# Direct Fuel Injector Cleaning Service advice? Any other service recommendations at 66,000 mi?



## drumn_bass (Feb 24, 2014)

Hi guys. I searched around and found some threads, but I'm a dummy when it gets to engine stuff and I'm confused. I have a 2010 CC Sport, 65,500 miles. I drive about 8,000 miles a year and do my service at the dealership, while the car is under warranty, once a year. 

All I know is that a dealer recommended a fuel injectors cleaning service during the last visit, almost a year ago, at that time I declined as I was doing a 60,000 mile service which was kind of expensive on its own. I'm scheduling a service appointment for the end of February, and this time around, I'm planning on doing break fluid flush and alignment, on top of oil change and other "factory required" services (basic things). I am also considering letting them do the fuel system cleaning service, however I see so many different views on the subject. People are talking about fuel additives, carbon deposits, ultrasonic cleaning and so on... many are saying it's a gimmick and modern cars don't need it unless there are issues with performance, that since it's not a service that manufacturer recommends, it must be pointless.

Which one is it? With DI engine, at 66,000 miles or so, is it a good idea to go ahead an do the service? They charge $120 for it, but it's not about the money, if it's something that can be useful, I will go for it, even if it's just a preventative service.

Any advice? And on that note, should I do anything else this time around? Power steering fluid flush? Are there any things I should ask them to check right before my warranty expires?

Thanks in advance.

d.


----------



## blue2turbo (Nov 23, 2009)

My main question is, what kind of Fuel Injection service are they doing for only $120? If they are going to try and run some type of cleaner through it, then no I would avoid it. It is common for the direct injected VW's (MINI's as well) to require the intake valves to be cleaned, but last I checked, the process required removing the intake manifold and cleaning the valves. Some use walnut blasting, other's use a cleaning solution and scrub. Down the line, if there is a large carbon buildup, I've read multiple stories and even witnessed with a friends car where it triggers the check engine light and it runs a little sluggish.

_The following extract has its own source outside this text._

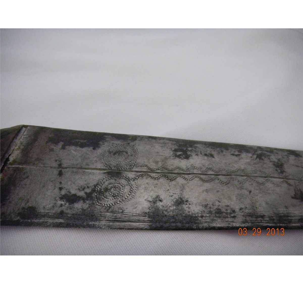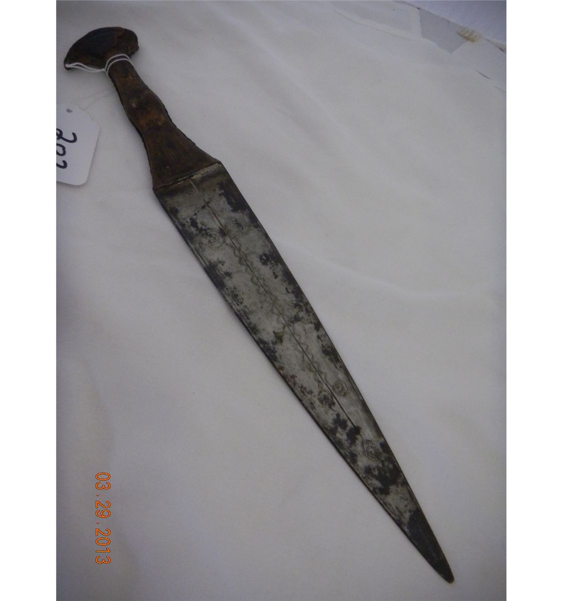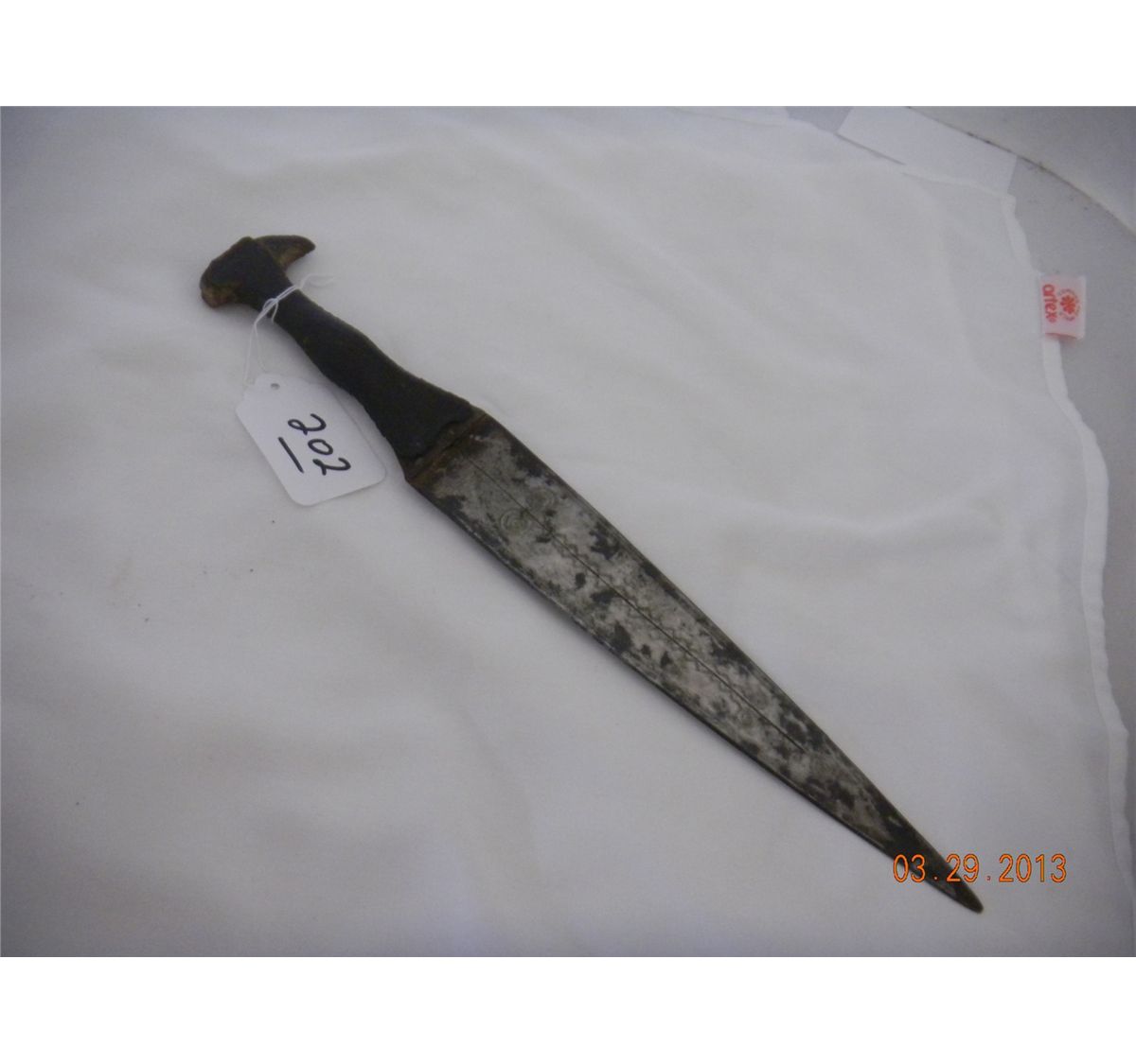 Dagger from Bagdad with wood handle, steel blade, measuring approximately 16"x2", About 200 years old. Leather is damaged and steel blade is rusty also chip on one corner of the wood handle Shipping $20.00

If you're bringing it in for service and they are only charging you $120 to remove the intake manifold and clean all the carbon buildup off the intake valves, I think that is a great deal and well worth the money at 66k miles. But if you're car isn't experiencing any problems, be sure to try and have them take before and after pictures as I've also heard stories of people getting charged and them not actually cleaning the carbon out.


----------



## BsickPassat (May 10, 2010)

drumn_bass said:


> Hi guys. I searched around and found some threads, but I'm a dummy when it gets to engine stuff and I'm confused. I have a 2010 CC Sport, 65,500 miles. I drive about 8,000 miles a year and do my service at the dealership, while the car is under warranty, once a year.
> 
> All I know is that a dealer recommended a fuel injectors cleaning service during the last visit, almost a year ago, at that time I declined as I was doing a 60,000 mile service which was kind of expensive on its own. I'm scheduling a service appointment for the end of February, and this time around, I'm planning on doing break fluid flush and alignment, on top of oil change and other "factory required" services (basic things). I am also considering letting them do the fuel system cleaning service, however I see so many different views on the subject. People are talking about fuel additives, carbon deposits, ultrasonic cleaning and so on... many are saying it's a gimmick and modern cars don't need it unless there are issues with performance, that since it's not a service that manufacturer recommends, it must be pointless.
> 
> ...


Clogged fuel injectors is bad, but imo, not worth the $120. 

Use good Top Tier fuel. And for extra insurance, every 5,000 miles throw in a bottle of Chevron Techron Fuel System Cleaner, Gumout Regane High Mileage, or Redline SI-1. That will keep the injectors clean as well as prevent fuel sensor (in-tank) fouling.

the carbon deposits will require removal of the intake manifold to scrub clean, unless you been doing the induction service (where they spray cleaner through the throttle body) every 10,000 miles.


----------



## [email protected] (Sep 18, 2012)

For the 120$ if it is an induction service for the carbon build up then I would not do it at 66K I would have done that at 30K for preventative maintenance if its like a BG induction service. 

At this point I would only look at the manual carbon cleaning as an option. 

If you want to "clean" the inside of your injectors you can run one of those cheap fuel injection cleanings but I have never seen data on those working on DI engines. 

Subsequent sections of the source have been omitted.